However, concerns have been raised about the wide range of side effects of GCs (4). These included findings of abnormal brain development in newborn animals treated with systemic steroids (5). Recent reports on follow-up in ex-preterm children neonatally treated with Dex confirm its adverse effects on brain growth (6) and neuromotor developmental outcome (7). With regard to the cardiovascular system, short-term side-effects, such as myocardial hypertrophy, manifested by increased ventricular septal and left ventricular wall thickness, and hypertension have been reported in animal and human studies (8–10). Recent studies from our group suggested that neonatal Dex treatment may have detrimental long-term effects on the heart, possibly initiated by temporary suppression of the proliferative capacity of cardiomyocytes during and early after treatment (11). These changes may lead to the observed reduction in life expectancy (12).

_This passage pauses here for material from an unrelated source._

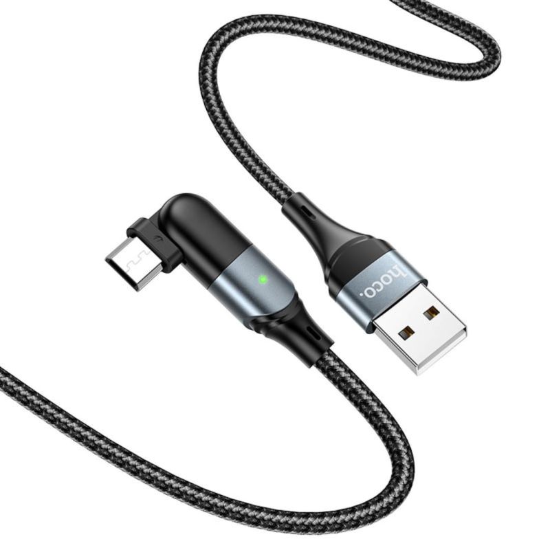 Usb-cable Micro USB HOCO U100 2.4A 1.2m (круглый,тканевый,метал.коннект,Г-образный) Black/grey
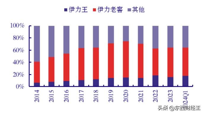 伊力特的营业收入与净利润近些年来始终维持着稳健增长的态势,在 2023 年,营业收入同比上扬 37.5%,净利润同比攀升 105.53%,整体的盈利增长速度于行业之中堪称遥遥领先。其中,伊力老窖乃是公司收入的核心来源,在营收中所占的比例约为 40%;紧随其后的则是伊力王。

We therefore performed histopathological and immunohistochemical studies on hearts of rats killed 4, 8, and 50 wk after neonatal Dex treatment and compared the findings with a vehicle treated group of rats to delineate the cardiac effects in the prepubertal and postpubertal and middle-aged period. In this study, we show increased cellular hypertrophy and collagen deposition in the Dex-treated rats of all three age groups, being most pronounced in the 50-wk-old rats.
MATERIALS AND METHODS
Animals.
The study protocol was approved by the Animal Research Committee of the University of Leiden. The investigation conforms to the Guide for the Care and Use of Laboratory Animals (National Institutes of Health Publication No. 85-23, revised 1996). Pregnant Wistar rats (270–300 g) were housed individually and kept under conventional housing conditions. Pups were born on d 21–22 of gestation. On the day of birth, male pups were selected and randomly divided into treatment and control groups. Only male pups were used to exclude possible influence of gender.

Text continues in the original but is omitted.